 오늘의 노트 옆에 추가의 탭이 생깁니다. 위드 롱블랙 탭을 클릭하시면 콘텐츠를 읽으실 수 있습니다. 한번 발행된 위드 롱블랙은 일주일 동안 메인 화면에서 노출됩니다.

* * *

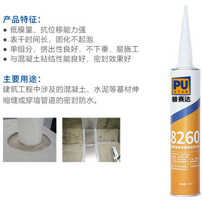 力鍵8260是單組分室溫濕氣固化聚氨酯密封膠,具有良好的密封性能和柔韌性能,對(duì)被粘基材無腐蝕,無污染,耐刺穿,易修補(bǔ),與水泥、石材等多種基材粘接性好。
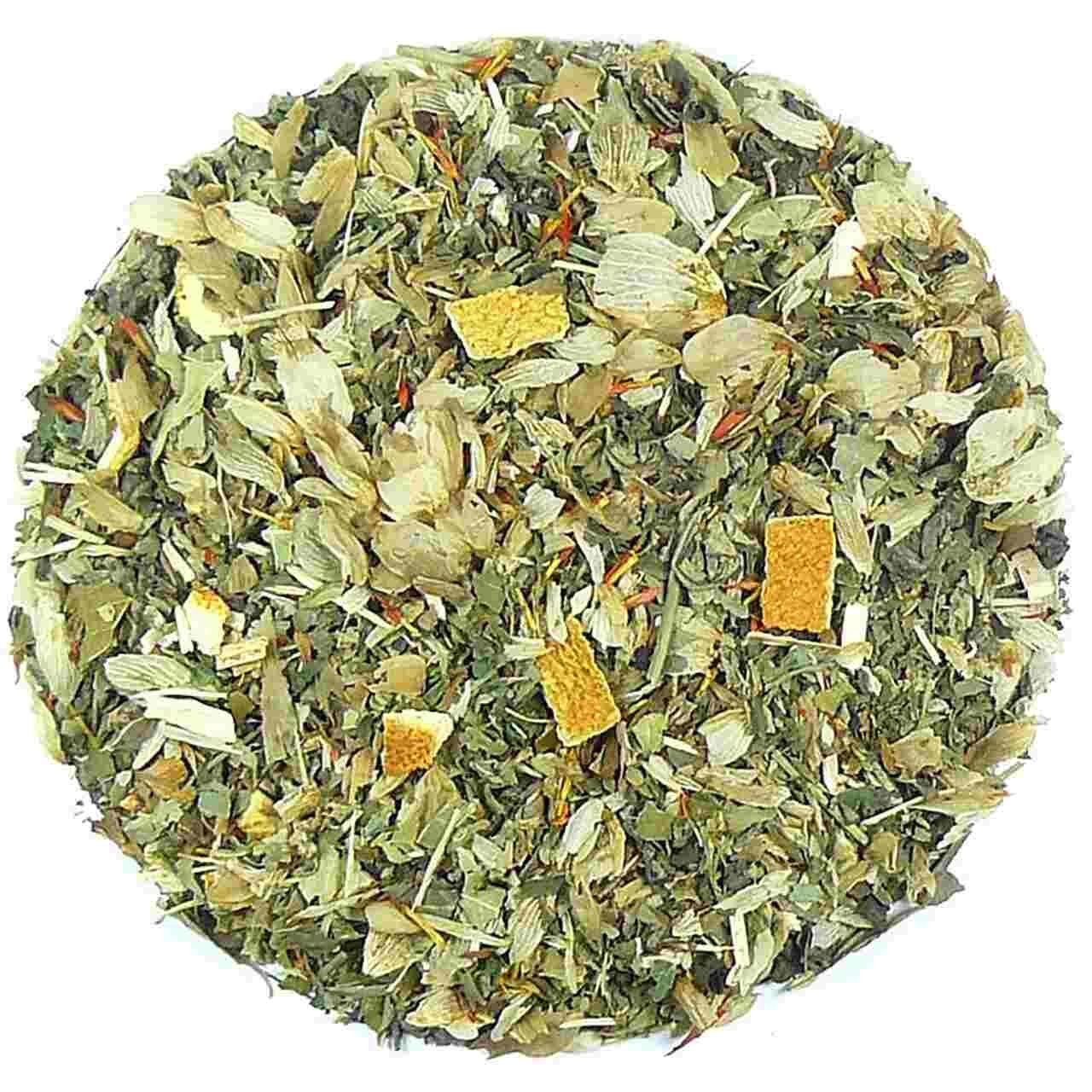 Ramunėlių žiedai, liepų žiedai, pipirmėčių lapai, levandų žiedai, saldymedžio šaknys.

» **EXERCISE DESCRIPTION**
Starting at the line that contains "力鍵8260是單組分室溫濕氣" and ending at the line that contains "Ramunėlių žiedai, liepų", transcribe the material above exactly, excluding pictures.

» **ANSWER SPACE**
 力鍵8260是單組分室溫濕氣固化聚氨酯密封膠,具有良好的密封性能和柔韌性能,對(duì)被粘基材無腐蝕,無污染,耐刺穿,易修補(bǔ),與水泥、石材等多種基材粘接性好。
 Ramunėlių žiedai, liepų žiedai, pipirmėčių lapai, levandų žiedai, saldymedžio šaknys.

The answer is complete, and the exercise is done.